Identity verification strategies and technologies are evolving at pace, in line with changing consumer behaviour. In a dynamic online environment, identity verification needs to work quickly and seamlessly across multiple channels, and fit in with a world-class digital experience.
This is why biometric authentication — uniquely identifying a person by evaluating one or more distinguishing biological traits — is becoming such a critical element of identity verification, driven by staggering adoption rates of smartphones that support and enable biometric technology. Data from Statista suggests that there are 3.2 billion smartphone users worldwide, which puts global smartphone penetration at around 41.5%.

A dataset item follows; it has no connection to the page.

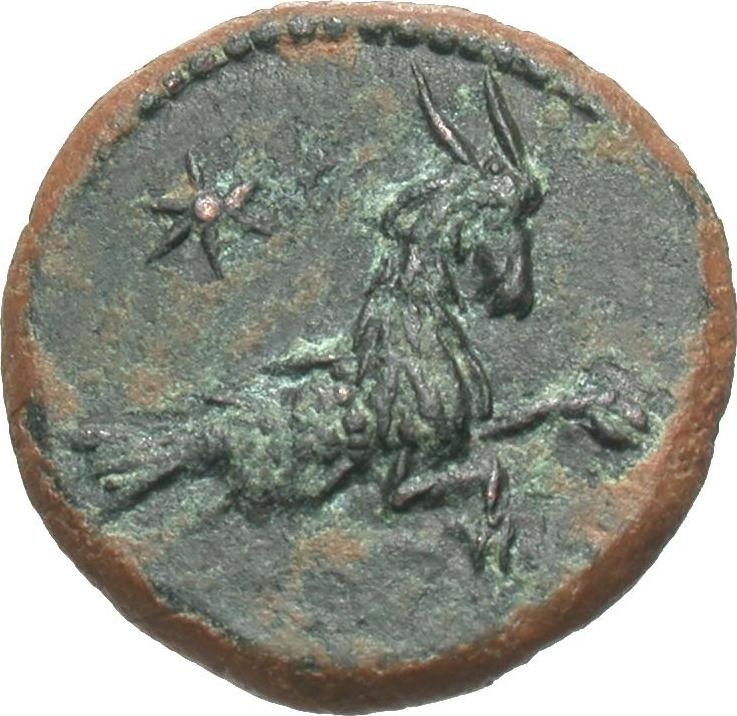 Previously attributed to Commagene (BMC Galatia, p. xlviii and p. 112), these coins were given by Hill to Cyprus (NC 1917, p. 24) where they occur frequently. A date under Augustus, due to the type of the capricorn, is possible, though by no means certain. Attributed by Nicolaou, op. cit. to Commagene (AD 38-72): see nos. 587-90 and p. 117, where it is said that these coins are found sporadically, not in large quantities, on the island (but there are 24 specimens in Nicosia Museum). If the reverse of this coin is orientated with star above (to match obverse) it has a die-axis of 12, which is the same as other Cypriot coins of Augustus: see I. A. Carradice, ‘The Coinage of Roman Cyprus’, in (ed) V. Tatton-Brown, Cyprus and the East Mediterranean in the Iron Age (London, 1989), pp. 182-87.

Businesses need to be able to verify the identity of new customers during the online account creation process, but they need to provide an experience which is quick and intuitive. Consumers are increasingly intolerant of poor online account opening processes and firms risk losing customers and revenue if they don’t get it right. However, if brands can deliver smooth, seamless and secure account creation, then it sets them up for long and fruitful relationships with customers.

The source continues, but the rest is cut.